#### [SUPPLIED MATERIAL]

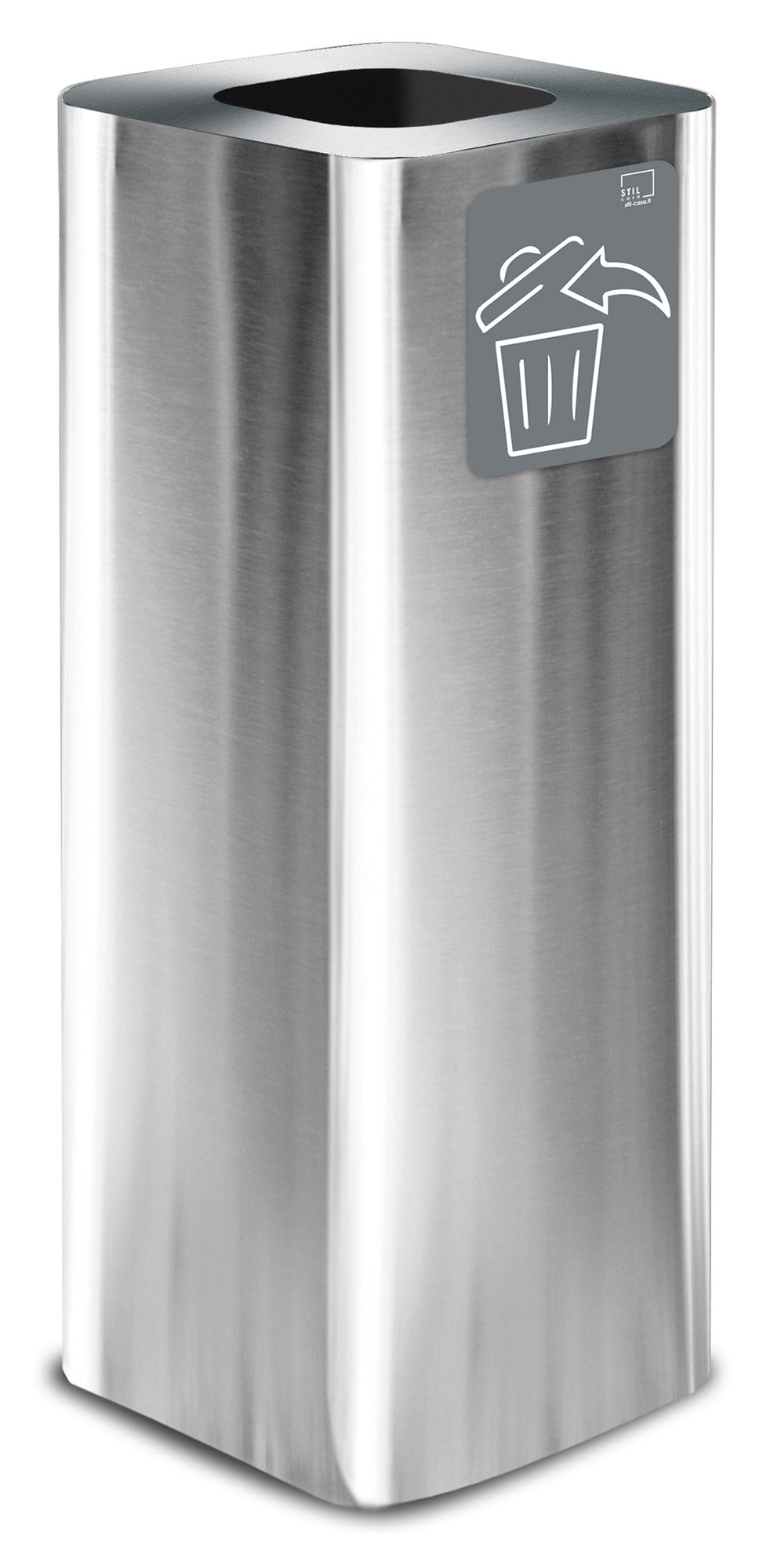 Elegante e funzionale contenitore, per raccolta rifiuti da interno, realizzato totalmente in acciaio inox satinato. Cover in alluminio composito con effetto satinato. Inserimento sacchetto tramite anello perimetrale in tecnopolimero con funzione blocca sacco e tondino zincato ad incastro. Pittogramma magnetico incluso simbolo "indifferenziato", facile da apporre sul lato frontale del contenitore e da rimuovere per consentire un'accurata pulizia del prodotto. Piedini salva pavimento inferiori in tecnopolimero
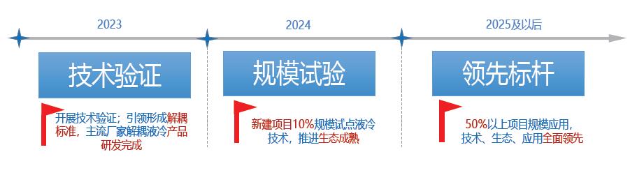 2023 年開展技術驗證,充分驗證液冷技術性能,降低 PUE,儲備規劃、建設與維護等技術能力;2024 年開展規模測試,推進液冷機柜與服務器解耦,促進競爭,推進產業生態成熟,降低全生命周期成本;至 2025年,開展規模應用,共同推進形成標準統一、生態完善、成本最優、規模應用的高質量發展格局,電信行業力爭成為液冷技術的引領者、產業鏈的領航者、推廣應用的領先者。
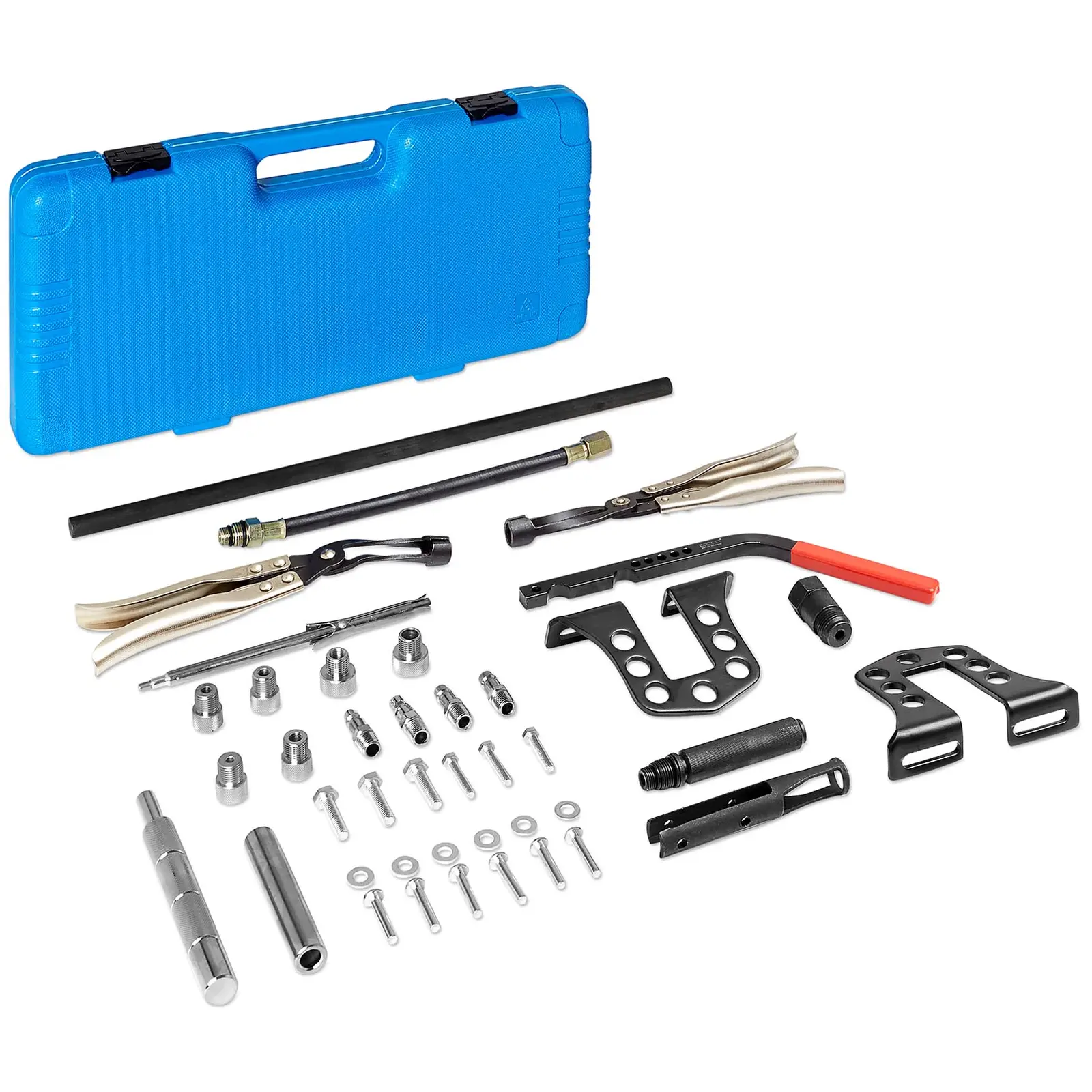 Venttiilijousipuristinsarja on ihanteellinen autotyökalu venttiilijousien ja karatiivisteiden näppärään irrotukseen ja asennukseen. Työkalun toimituksen sisältöön kuuluu kaikki, mitä irrotus- ja asennustyöhön vaaditaan. Venttiilijousipuristin sopii yleisimpiin autotyyppeihin ja sekä bensiini- että dieselmoottoreihin. Sopivuutensa puolesta paineilma venttiilijousipuristinsarja on ihanteellinen autokorjaamoihin; mutta työkalu on myös erinomainen lisä intohimoisten autoharrastajien työkaluvarustukseen. Venttiilijousipuristin sopii käytettäväksi eri merkkisissä autoissa, kuten Audi, Nissan, Toyota, Chrysler, Honda, Mazda, Mitsubishi, Porsche, Volvo, VW jne. Se soveltuu yleisesti monille bensiini- (OHV ja OHC) ja dieselmoottoreille, joissa on 8, 16 tai 24 venttiiliä. Periaatteessa karan tiivisteet, venttiilijouset tai venttiilikiilat voidaan vaihtaa helposti. Kun venttiilikaratiivisteen vaihto halutaan suorittaa paineilman avulla voidaan sylinteriin asettaa paine sopivan adapterin avulla. Tämä toimintatapa helpottaa työtä huomattavasti ja mahdollistaa jopa syvällä istuvien venttiilien ongelmattoman vaihdon. Kätevää tässä venttiilijousipuristinsarjassa on, ettei itse sylinterinkantta tarvitse purkaa. Mukana toimitettavat pihdit mahdollistavat lisäksi yksinkertaisen ja nopean irrotuksen, vaikka venttiilitiivisteet olisivat öljyisiä tai tiukasti istuvia. Adapterien, kahvojen ja hylsyjen uritukset takaavat parhaan pidon öljyisissä olosuhteissa. Ne mahdollistavat myös karan öljytiivisteiden poistamisen suorassa kulmassa vahingoittamatta jousia. Työkalusarja on valmistettu korkealaatuisesta ja kestävästä teräksestä, mikä takaa pitkän käyttöiän. Kätevässä säilytysalkussa sarjan kaikki osat ja tarvikkeet säilyvät selkeästi ja varmasti ja siinä ne on helppo varastoida, kun niitä ei tarvita. Säilytyssalkku mahdollistaa myös venttiilijousipuristinsarjan ongelmattoman liikuteltavuuden.

#### [TASK PROMPT]
Give again, word for word, every line from the top of the data above to the line holding "2023 年開展技術驗證,充分驗證液冷技術性能,降低 PUE,儲備規劃、建設與維護等技術能力;2024", inclusive, with the pictures left out.

#### [WRITTEN SOLUTION]
 Elegante e funzionale contenitore, per raccolta rifiuti da interno, realizzato totalmente in acciaio inox satinato. Cover in alluminio composito con effetto satinato. Inserimento sacchetto tramite anello perimetrale in tecnopolimero con funzione blocca sacco e tondino zincato ad incastro. Pittogramma magnetico incluso simbolo "indifferenziato", facile da apporre sul lato frontale del contenitore e da rimuovere per consentire un'accurata pulizia del prodotto. Piedini salva pavimento inferiori in tecnopolimero
 2023 年開展技術驗證,充分驗證液冷技術性能,降低 PUE,儲備規劃、建設與維護等技術能力;2024 年開展規模測試,推進液冷機柜與服務器解耦,促進競爭,推進產業生態成熟,降低全生命周期成本;至 2025年,開展規模應用,共同推進形成標準統一、生態完善、成本最優、規模應用的高質量發展格局,電信行業力爭成為液冷技術的引領者、產業鏈的領航者、推廣應用的領先者。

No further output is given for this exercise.